In ++i, the object is first incremented, and can subsequently passed as a const reference to any other function. This is not possible if the expression is foo(i++) because now the increment needs to be done before foo() is called, but the old value needs to be passed to foo(). Consequently, the compiler is forced to make a copy of i before it executes the increment operator on the original. The additional constructor/destructor calls are the bad part.
As noted above, this does not apply to fundamental types.
2. The little known fact: i++ may be faster
If no constructor/destructor needs to be called, which is always the case in C, ++i and i++ should be equally fast, right? No. They are virtually equally fast, but there may be small differences, which most other answerers got the wrong way around.
How can i++ be faster?
The point is data dependencies. If the value needs to be loaded from memory, two subsequent operations need to be done with it, incrementing it, and using it. With ++i, the incrementation needs to be done before the value can be used. With i++, the use does not depend on the increment, and the CPU may perform the use operation in parallel to the increment operation. The difference is at most one CPU cycle, so it is really neglegible, but it is there. And it is the other way round then many would expect.
Please don't let the question of "which one is faster" be the deciding factor of which to use. Chances are you're never going to care that much, and besides, programmer reading time is far more expensive than machine time.
Use whichever makes most sense to the human reading the code.
#Mark
Even though the compiler is allowed to optimize away the (stack based) temporary copy of the variable and gcc (in recent versions) is doing so,
doesn't mean all compilers will always do so.
I just tested it with the compilers we use in our current project and 3 out of 4 do not optimize it.
Never assume the compiler gets it right, especially if the possibly faster, but never slower code is as easy to read.
If you don't have a really stupid implementation of one of the operators in your code:
Alwas prefer ++i over i++.
I have been reading through most of the answers here and many of the comments, and I didn't see any reference to the one instance that I could think of where i++ is more efficient than ++i (and perhaps surprisingly --i was more efficient than i--). That is for C compilers for the DEC PDP-11!
The PDP-11 had assembly instructions for pre-decrement of a register and post-increment, but not the other way around. The instructions allowed any "general-purpose" register to be used as a stack pointer. So if you used something like *(i++) it could be compiled into a single assembly instruction, while *(++i) could not.
This is obviously a very esoteric example, but it does provide the exception where post-increment is more efficient(or I should say was, since there isn't much demand for PDP-11 C code these days).
In C, the compiler can generally optimize them to be the same if the result is unused.
However, in C++ if using other types that provide their own ++ operators, the prefix version is likely to be faster than the postfix version. So, if you don't need the postfix semantics, it is better to use the prefix operator.

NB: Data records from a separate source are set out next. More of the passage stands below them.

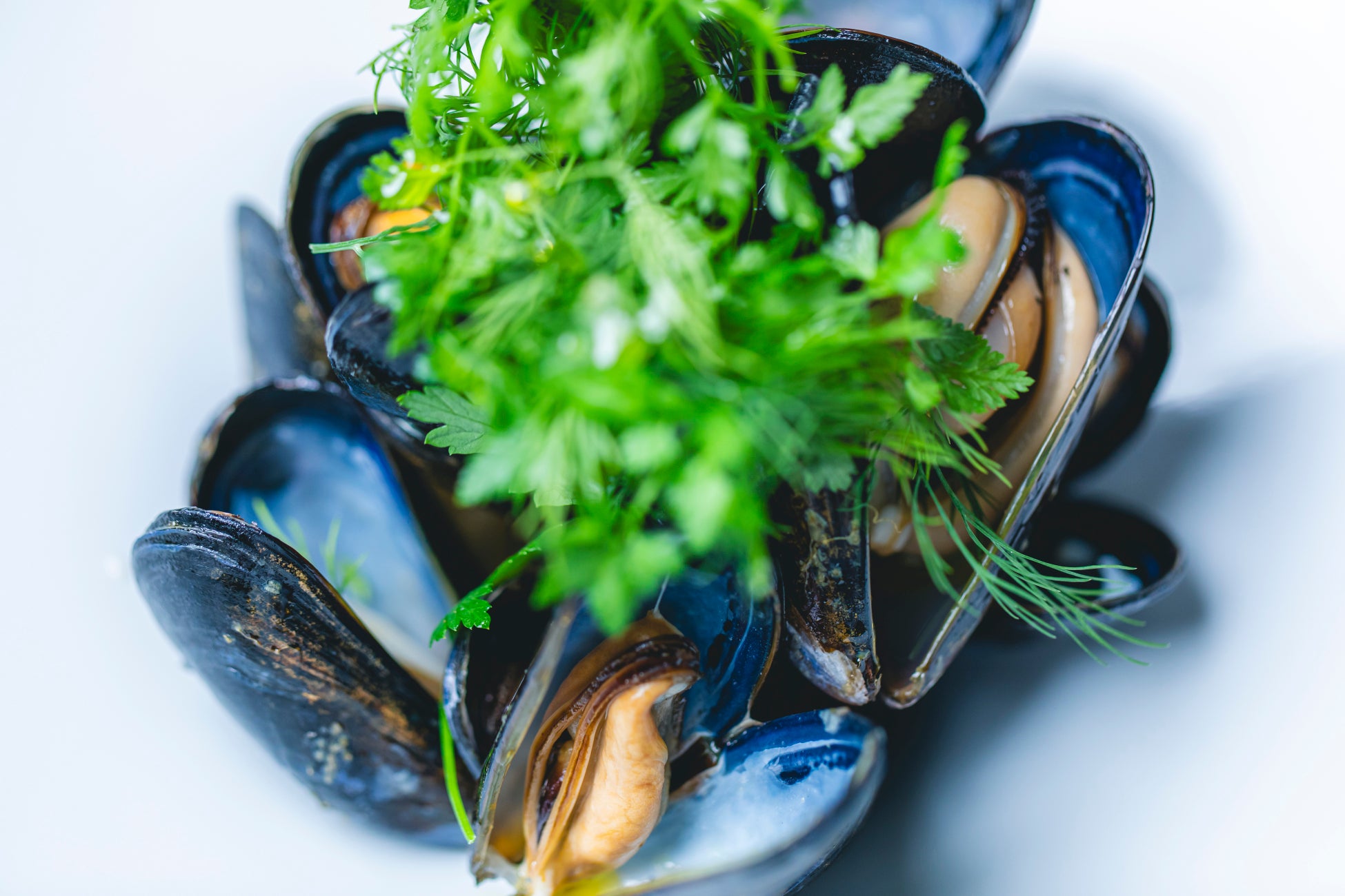 ・カナダ産 ムール貝の白ワイン蒸し セロリとヨーグルトのソース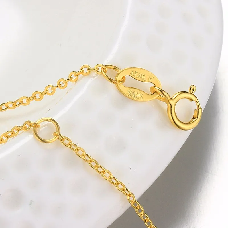 Fashion Solid Silver Women Chains,925 Sterling Silver Necklace,Golden Color, High Quality Anti Allergic,45cm,Gift Box
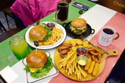 【黃金招牌鱈魚堡】:這邊不只豬肉牛肉,還有海鮮堡可以選擇唷!!鱈魚炸得酥脆,配上酸甜的蜂蜜芥末醬,就像是有一隻魚在我嘴裡活潑的游來游去呢!這一道很適合喜歡清爽滋味又想享受美食的人品嘗,清爽的感覺就像佇立在海邊吹著海風一樣,咬在嘴裡的鱈魚堡飄散出海的味道,像是從大口吃肉的西部牛仔跳到了熱情洋溢的夏威夷!!這一道搭配上沖繩奶茶,居然有種難以言喻的搭,吃完漢堡後喝一口沖繩奶茶,原本以為在熱情四射的夏威夷,睜開眼後原來是在舒服放鬆的沖繩呀!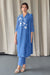 Crinkle Applique Tencel Kurta Set (of 3)- Cobalt Blue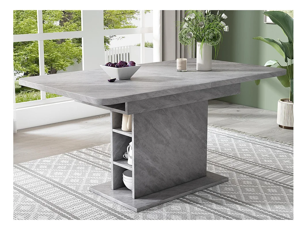 Table à manger moderne extensible avec rangement en dessous - Gris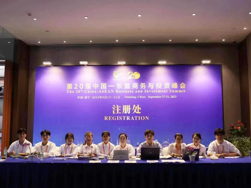 2023年9月16日至19日,第20届中国-东盟博览会、中国-东盟商务与投资峰会(以下分别简称“东博会”和“峰会”)在广西南宁举办。场馆内外,来自广西外国语学院欧美语言文化学院志愿者们在各自岗位保障会议顺利举行。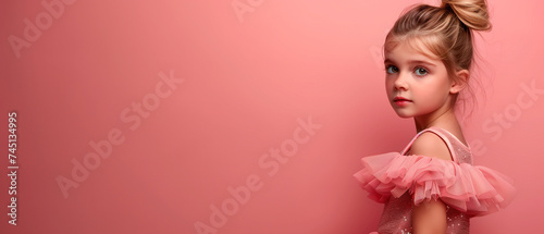 portrait of a cute little girl in a pink dress on a pink isolated background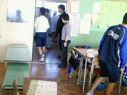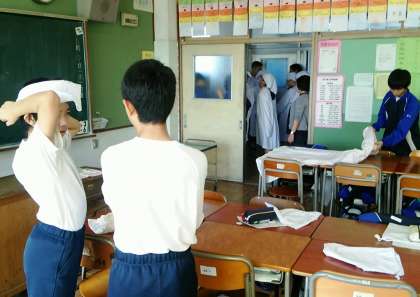 写真は、2年1組の準備風景です。担任の鰺坂由香先生も一緒に配膳をしていました。というより4校時が体育だったため、給食当番はまだ教室に戻ってきておらず、鰺坂先生はちょっと寂しそうでした。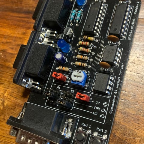 Näppärä työkalu Commodore 64 pelaajalle. Tulee molempiin joystick portteihin kiinni. Peliportin vaihto napista. Laite mahdollistaa Sega : Mega Drive ohjaimen käytön nepassa ilman ohjainmodausta - tämä ei muuten C64sen kanssa turvallista, vaikka molemmissa sama 9pin liitin. Toimii myös tavallisella C64 ohjaimella. Pohjassa suojapahvi ja tassut.

I can think of a situation where postfix is slower than prefix increment:
Imagine a processor with register A is used as accumulator and it's the only register used in many instructions (some small microcontrollers are actually like this).
Now imagine the following program and their translation into a hypothetical assembly:
Prefix increment:
a = ++b + c;
; increment b
LD A, [&b]
INC A
ST A, [&b]
; add with c
ADD A, [&c]
; store in a
ST A, [&a]
Postfix increment:
a = b++ + c;
; load b
LD A, [&b]
; add with c
ADD A, [&c]
; store in a
ST A, [&a]
; increment b
LD A, [&b]
INC A
ST A, [&b]
Note how the value of b was forced to be reloaded. With prefix increment, the compiler can just increment the value and go ahead with using it, possibly avoid reloading it since the desired value is already in the register after the increment. However, with postfix increment, the compiler has to deal with two values, one the old and one the incremented value which as I show above results in one more memory access.
Of course, if the value of the increment is not used, such as a single i++; statement, the compiler can (and does) simply generate an increment instruction regardless of postfix or prefix usage.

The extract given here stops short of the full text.